Exercise input:
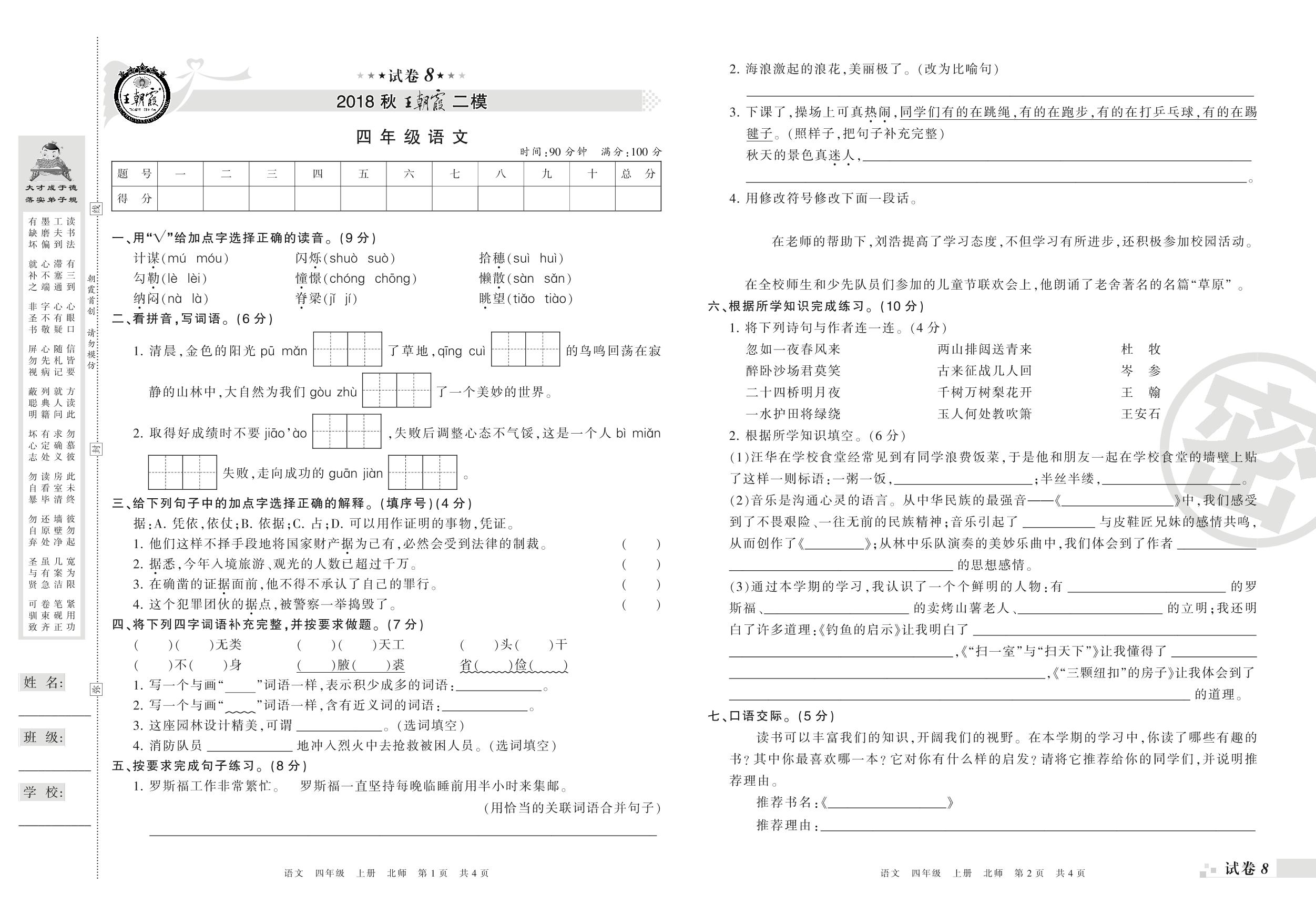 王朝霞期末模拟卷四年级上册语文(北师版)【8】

* * *

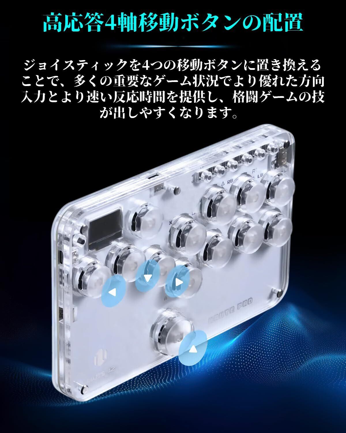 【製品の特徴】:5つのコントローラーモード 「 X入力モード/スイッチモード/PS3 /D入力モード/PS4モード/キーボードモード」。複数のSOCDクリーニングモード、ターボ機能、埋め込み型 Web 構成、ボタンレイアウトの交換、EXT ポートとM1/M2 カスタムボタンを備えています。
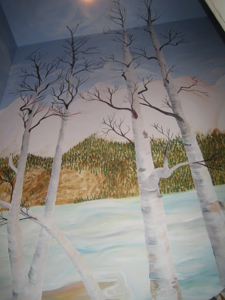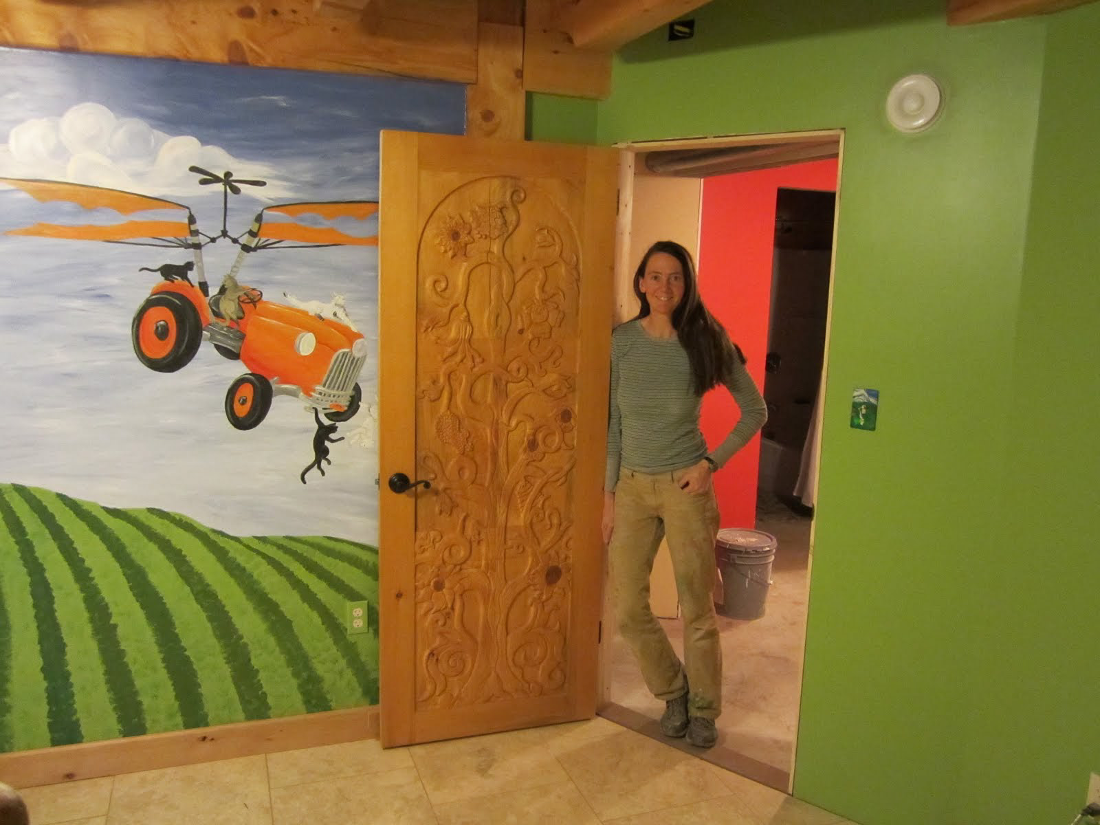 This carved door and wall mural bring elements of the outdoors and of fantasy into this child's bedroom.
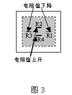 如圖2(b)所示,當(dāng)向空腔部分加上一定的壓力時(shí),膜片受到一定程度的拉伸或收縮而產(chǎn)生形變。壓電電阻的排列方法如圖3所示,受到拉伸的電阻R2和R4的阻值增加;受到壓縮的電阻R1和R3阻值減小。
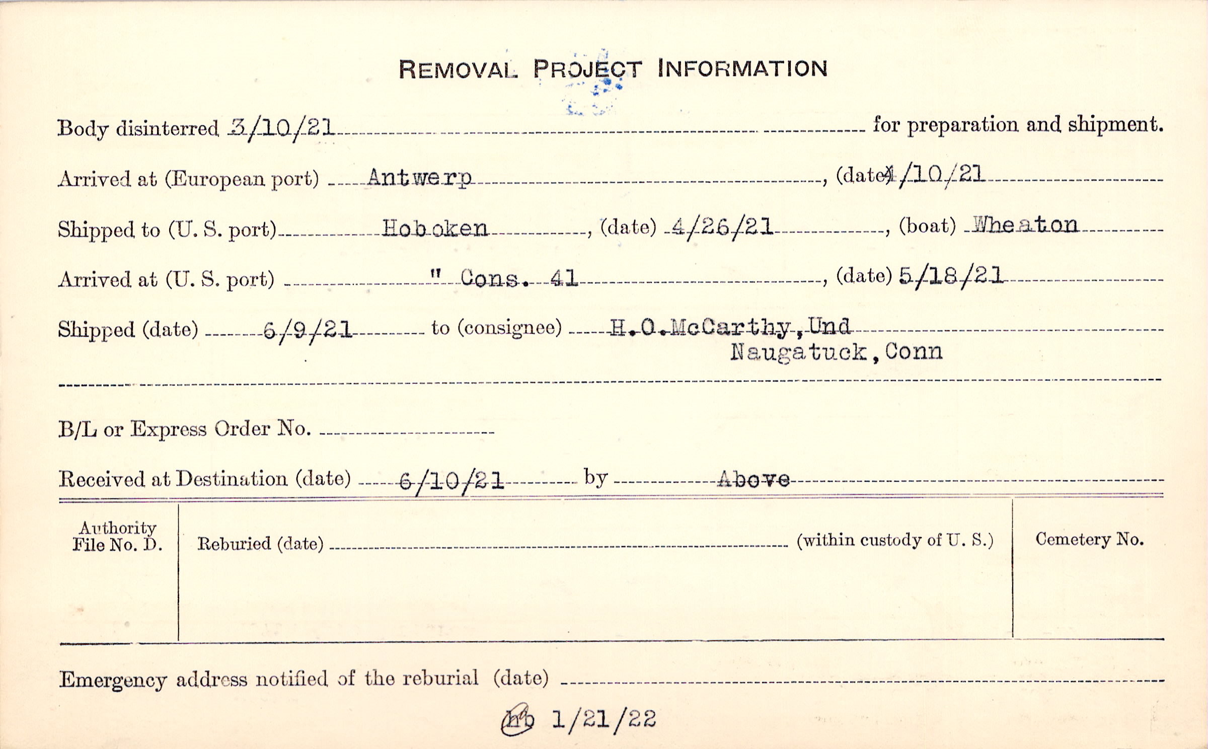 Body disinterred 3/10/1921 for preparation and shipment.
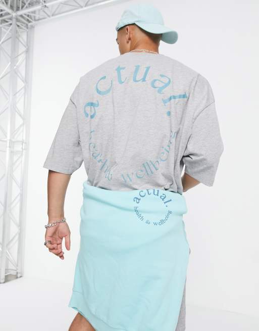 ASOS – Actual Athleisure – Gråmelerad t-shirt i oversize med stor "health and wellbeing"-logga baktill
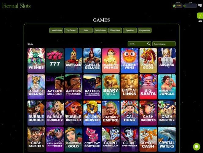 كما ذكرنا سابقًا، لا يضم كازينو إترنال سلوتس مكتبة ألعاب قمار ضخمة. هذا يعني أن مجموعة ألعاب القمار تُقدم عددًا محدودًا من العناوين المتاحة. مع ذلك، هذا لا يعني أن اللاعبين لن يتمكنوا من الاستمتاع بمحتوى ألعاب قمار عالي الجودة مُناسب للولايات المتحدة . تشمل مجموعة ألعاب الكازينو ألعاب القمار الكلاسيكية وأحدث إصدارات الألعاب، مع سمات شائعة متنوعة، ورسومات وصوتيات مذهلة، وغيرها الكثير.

Try it: Please print the lines above word for word, starting at the one with "如圖2(b)所示,當(dān" and ending at the one with "كما ذكرنا سابقًا،", both included, and without any picture.

Task output:
 如圖2(b)所示,當(dāng)向空腔部分加上一定的壓力時(shí),膜片受到一定程度的拉伸或收縮而產(chǎn)生形變。壓電電阻的排列方法如圖3所示,受到拉伸的電阻R2和R4的阻值增加;受到壓縮的電阻R1和R3阻值減小。
 Body disinterred 3/10/1921 for preparation and shipment.
 ASOS – Actual Athleisure – Gråmelerad t-shirt i oversize med stor "health and wellbeing"-logga baktill
 كما ذكرنا سابقًا، لا يضم كازينو إترنال سلوتس مكتبة ألعاب قمار ضخمة. هذا يعني أن مجموعة ألعاب القمار تُقدم عددًا محدودًا من العناوين المتاحة. مع ذلك، هذا لا يعني أن اللاعبين لن يتمكنوا من الاستمتاع بمحتوى ألعاب قمار عالي الجودة مُناسب للولايات المتحدة . تشمل مجموعة ألعاب الكازينو ألعاب القمار الكلاسيكية وأحدث إصدارات الألعاب، مع سمات شائعة متنوعة، ورسومات وصوتيات مذهلة، وغيرها الكثير.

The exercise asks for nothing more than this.